Une page qui se tourne pour l’île

C’est une page qui se tourne pour les bêtes, les soignants, et pour l’île tout entière. Depuis 1986, Saint-Barth accueille un ranch. D’abord à Flamands, puis à Gouverneur, en haut de ce morne où Irma a été fatale à plusieurs équidés. Il n’y a plus de chevaux à Saint-Barth. « Je verse ma petite larme », admet Serge, qui les fréquente depuis tout ce temps. Ancien carreleur passionné d’équitation, il assiste au grand départ, et immortalise une dernière fois ces animaux qu’il connaît par cœur. « Celui-là est né ici. Il a mauvais caractère, comme sa mère », raconte-t-il en désignant le bel Adonis. « Cette jument, Linda, a dépassé 37 ans, elle a toujours été là. Je me rappelle, nous devions aller à Saint-Martin pour passer les galops… »

 

Après un mois passé en quarantaine (Saint-Barth n’étant pas membre de l’UE, ils ont dû subir une série de tests et d’analyses pour obtenir le droit de poser le pied en France), les chevaux sont tout étonnés devant tant d’activité. Connues pour leur sensibilité, les bêtes ressentent le stress de l’équipe. Oreilles dressées, elles s’agitent au moment de partir. Les chevaux partent fièrement jusqu’au port, dans une dernière parade sur leur île, sous les yeux ébahis ou attendris des passants qui les croisent. A Public, ils savourent l’air de la mer, ravis. Mais rapidement, ils se doutent qu’il y a anguille sous roche. La montée dans les containers spécialement aménagés pour eux est un moment difficile pour tout le monde.
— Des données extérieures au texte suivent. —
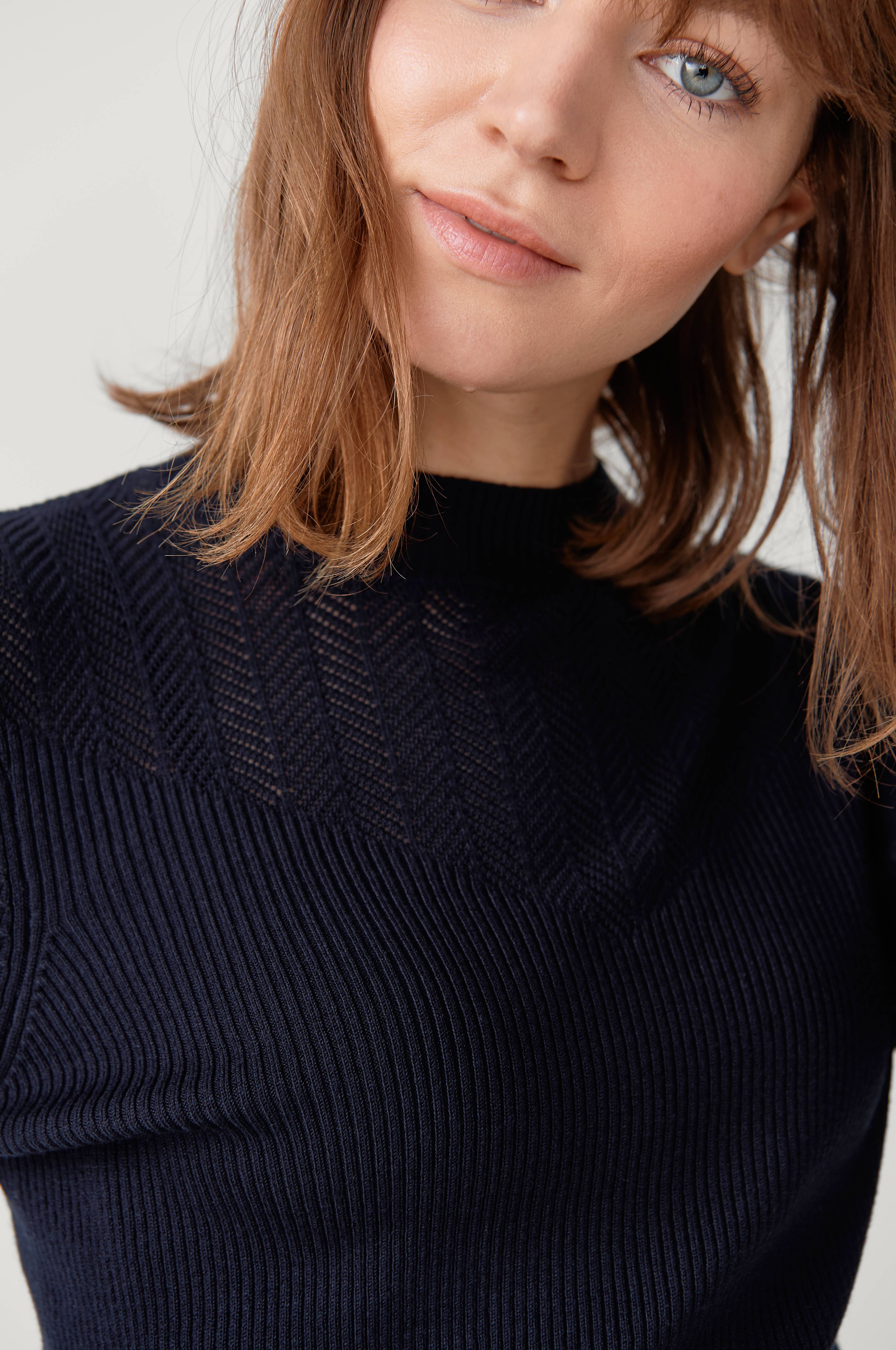 Tröja från Saint Tropez. Randstickad modell med mönsterstickning på bröstet och halvhög, ribbstickad krage.

Il faut user de douceur et fermeté pour faire grimper ces bêtes de plusieurs centaines de kilos dans leurs boxes. Adonis, le plus jeune cheval de la troupe, se lance sans difficulté sur la passerelle. Mais quand la porte se ferme, il comprend et s’énerve : les bruits de ruades et les hennissements brisent le calme du port de commerce, au crépuscule. Les paroles et caresses des bénévoles de Galops des îles parviendront finalement à le calmer.

 

Entre le départ du ranch et la fin du chargement, l’opération aura duré plus de cinq heures, mardi. Sans anicroche, en grande partie grâce à la police territoriale, qui a accompagné les convois et tempéré la circulation autour. Tout a été fait pour que le dernier voyage des chevaux se passe bien. Le plus dur commence maintenant pour l’équipe de Galops des îles, qui ne respirera plus tant que les chevaux n’auront pas posé le sabot à Dunkerque.
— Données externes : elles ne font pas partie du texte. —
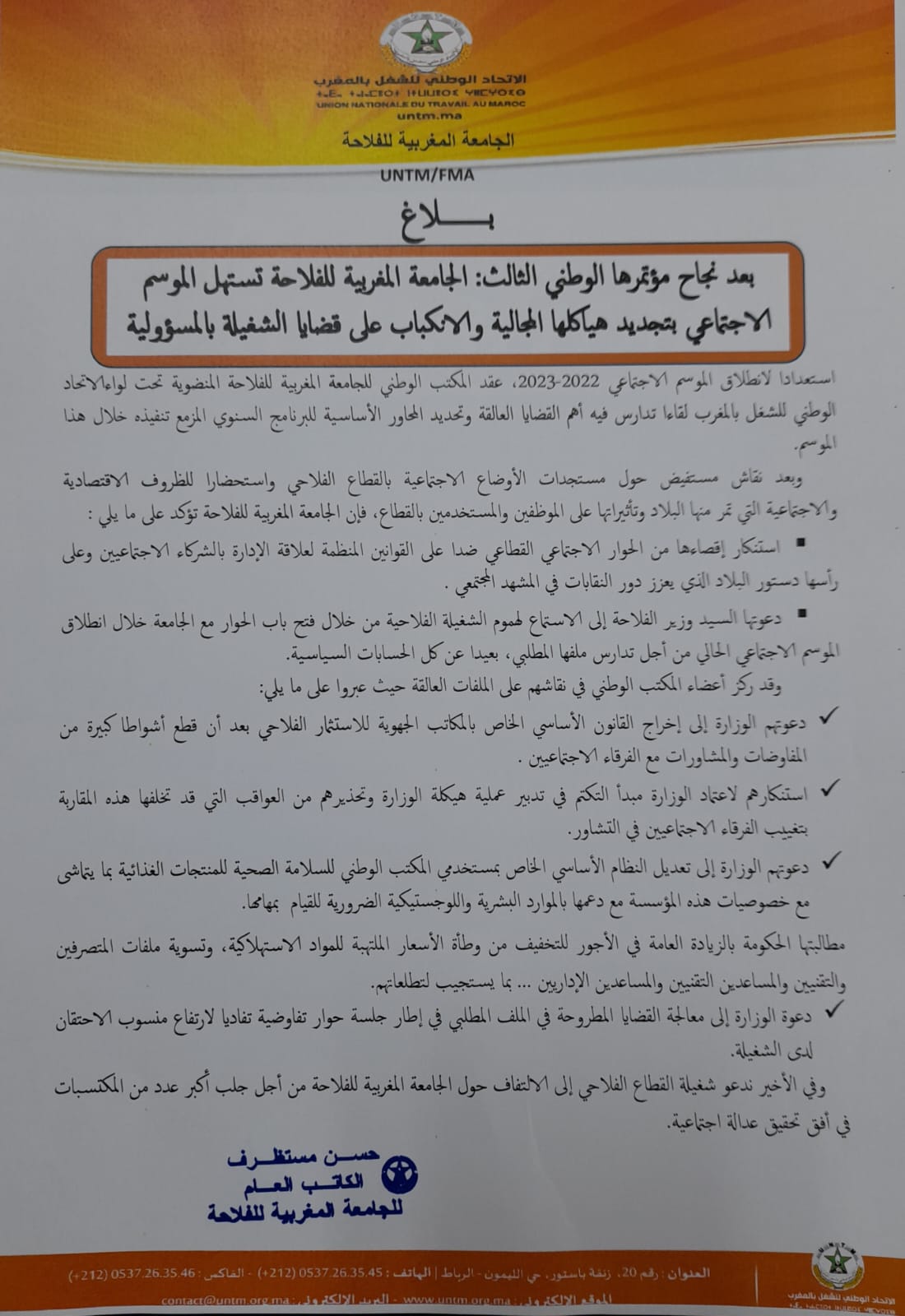عقد المكتب الوطني للجامعة المغربية للفلاحة المنضوية تحت لواءالاتحاد الوطني للشغل بالمغرب، لقاءا استعدادا لانطلاق الموسم الاجتماعي 2022-2023، تدارس فيه أهم القضايا العالقة والمحاور الأساسية للبرنامج السنوي المزمع تنفيذه خلال هذا الموسم.

L’association continuera d’animer Gouverneur. Avec les poneys shetlands, qui restent ici. Et un projet de ferme pédagogique pour les enfants de l’île, porté par la Collectivité. Mais les chevaux et l’équitation, c’est terminé pour Saint-Barth. Sans abri anti-cyclonique, sans espace suffisant pour une cavalerie plus vaste, sans garantie d’accès à l’eau, la décision de renvoyer les chevaux vieillissants en métropole était la seule qui vaille. Malgré la tristesse, mercredi au départ du cargo, des bénévoles et des habitants amoureux de chevaux.

 

> Avant Irma, Galops des îles vivait à l’équilibre financier grâce à 80 cavaliers, enfants et adultes. Depuis l’ouragan, l’association ne bénéficie que de dons et de subventions pour nourrir et soigner les chevaux. La mise en quarantaine, le voyage en bateau, et désormais le soin aux poneys qui restent, nécessitent toujours des frais importants. Pour y faire face, la cagnotte Leetchi de Galops des îles est toujours en ligne.